Her counting was steady, deliberate, the timing of it synced with her breathing.
Breathe.
Two.
Three.
Four—
*
Five minutes until boarding.
‘You got everything?’
Kana was wearing the monstera dress. She patted down her sides, pulled fictitious items out of imaginary pockets. ‘Yes.’
‘Are you sure?’ Rima asked, her voice starting to quiver.
Matiu frowned at his daughter. ‘Stop teasing.’
Kana fiddled with the ‘ei kaki her mother had made for her, the petals smooth against her neck.
The harbour was humming — drums and ukuleles, a chorus of celebration and melancholy. The Maui Pomare was already docked, letters and goods ordered from New Zealand stored behind the cargo hatches, awaiting unloading, a crude swap for the people who boarded the ship in return. People had travelled to the township from the outer districts, gathering in hordes to collect goods and letters and bid farewell to loved ones, the scent of flower garlands intermingling with that of the sea.
‘For you.’ Even before Kana saw him, she knew. She turned to look at Georgie, who presented her with a posy of frangipani. The flower had become their little secret, a symbol of the time they spent on the motu. She took the posy from Georgie, too shy in front of her parents to do anything else, and thought about her aunties. She would tell them everything. It would make them very happy.

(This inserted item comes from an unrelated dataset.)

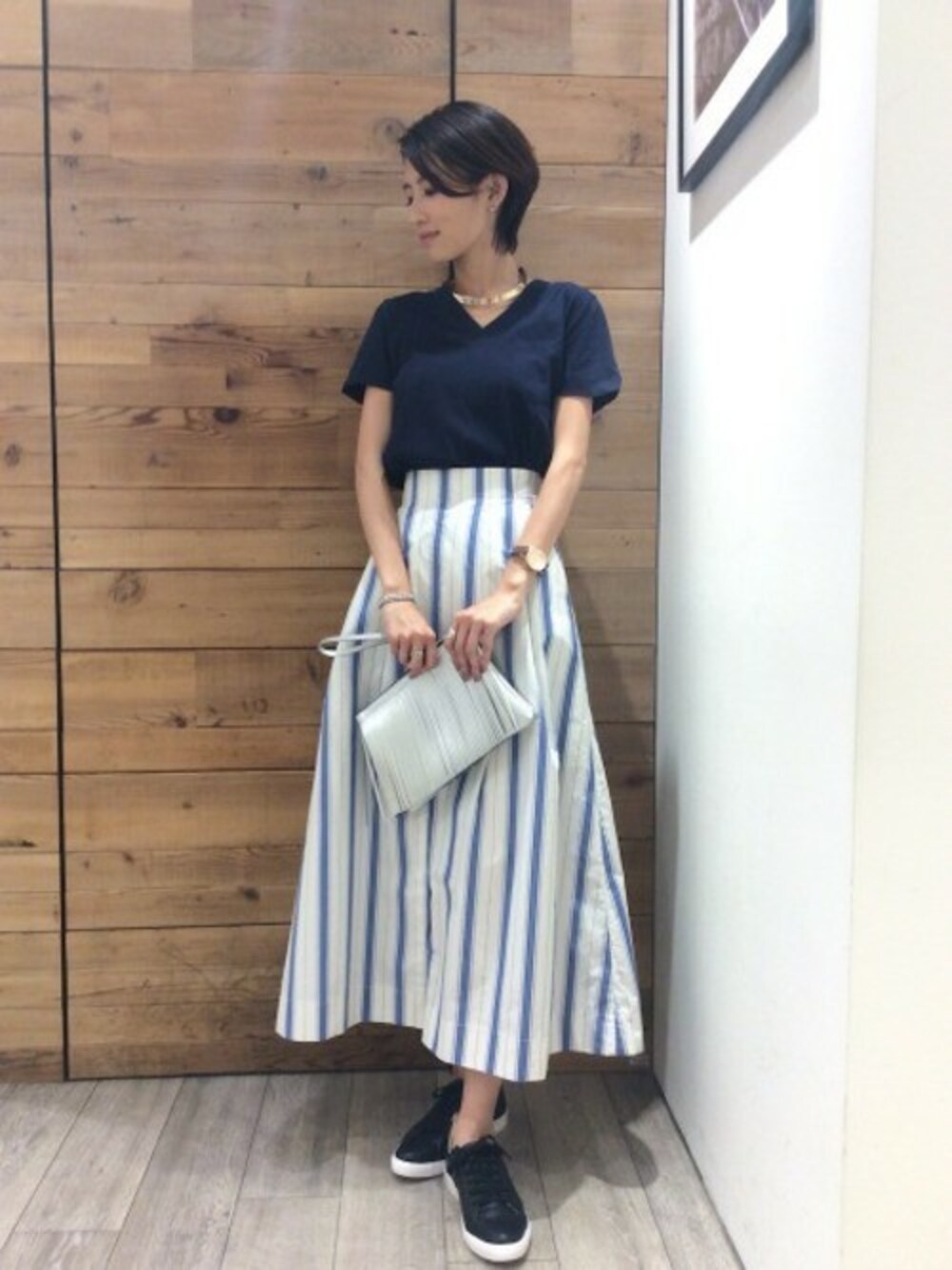 鮮やかなストライプスカート×シンプルTシャツで即オシャレ見えスタイル ベーシックなTシャツも、色や柄で彩りをプラスすればオシャレ見え確実です。

Kana kept an eye out for Giuseppe. She needed a laugh, to hear a funny story. Just one last time, she wanted to hear about the glamorous women, their fancy clothes, the paintings on the ceilings. Her uncle’s suitcase lay at her feet, marked up with the place names her uncle once visited. She was tempted to cheat, write down the names of the places she already knew — every village name and home address of all the people in her life that she loved, the motu, the beaches, the solitary mountain at the heart of the island — before she forgot, before they forgot her.

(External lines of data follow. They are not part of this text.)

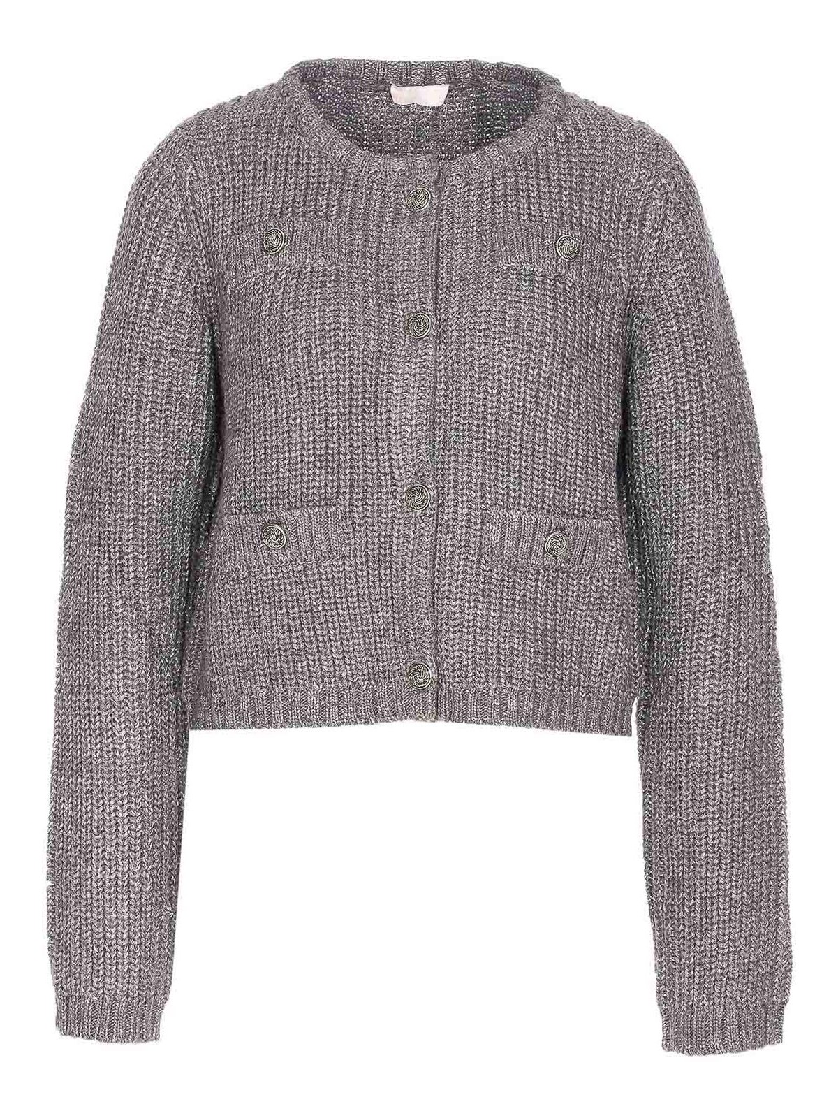 - Grey Knitted Cardigan Frontal Buttons Closure
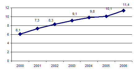 Легальное потребление абсолютного алкоголя на душу населения возросло с 2000г. практически в два раза (рисунок 1).
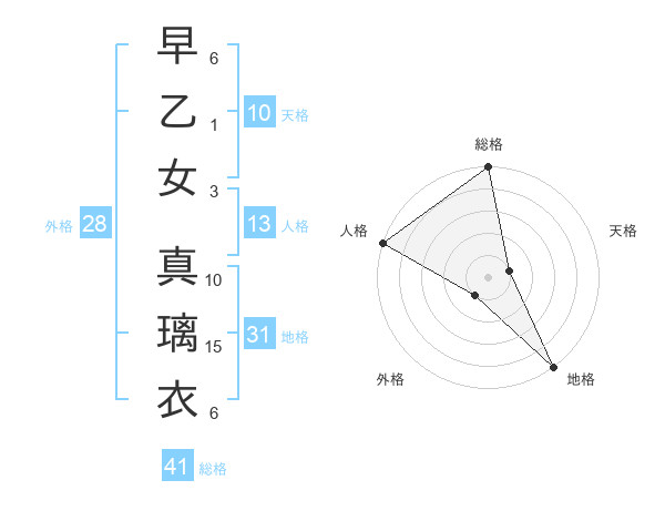 早乙女 真璃衣さんを姓名の画数から五運を鑑定

‘You’ll find other people’, Matiu reassured her, as if reading her mind. He was shifting uneasily, Rima’s arm hooked through his, seemingly trying to keep him steady. If Kana knew she’d never see her father again, she would have said something, anything, to let him know she’d try to make the most of it, build a new life, send money home to fix the roof. Instead, she let him escort her onto the gangplank. Felt his weight sit too heavily on her arm.
Behind her, back on the island, Kana recognised the voice. It overpowered the others, not with an Italian folk song but a popular war song. Kana wasn’t sure she believed it, but she turned back and listened:
‘We’ll meet again
Don’t know where
Don’t know when …’
On the ship, Kana lifted the ‘ei kaki off her shoulders. She caught a whiff of the flowers as she dragged it over her head, ripe and sweet like mango. She let the garland hang from her fingers, over the edge of the ship’s rail, like a gift to Tangaroa, god of the sea and fertility. Pockets of seafoam bubbled below where the boat broke the water as, eyes closed, she said a silent prayer to her tūpuna and released the ‘ei. It landed with a soft splash, bobbing in the churning waters, following the boat into deeper waters. She picked up her posy of frangipani, and, with Rarotonga in the distance, she went inside.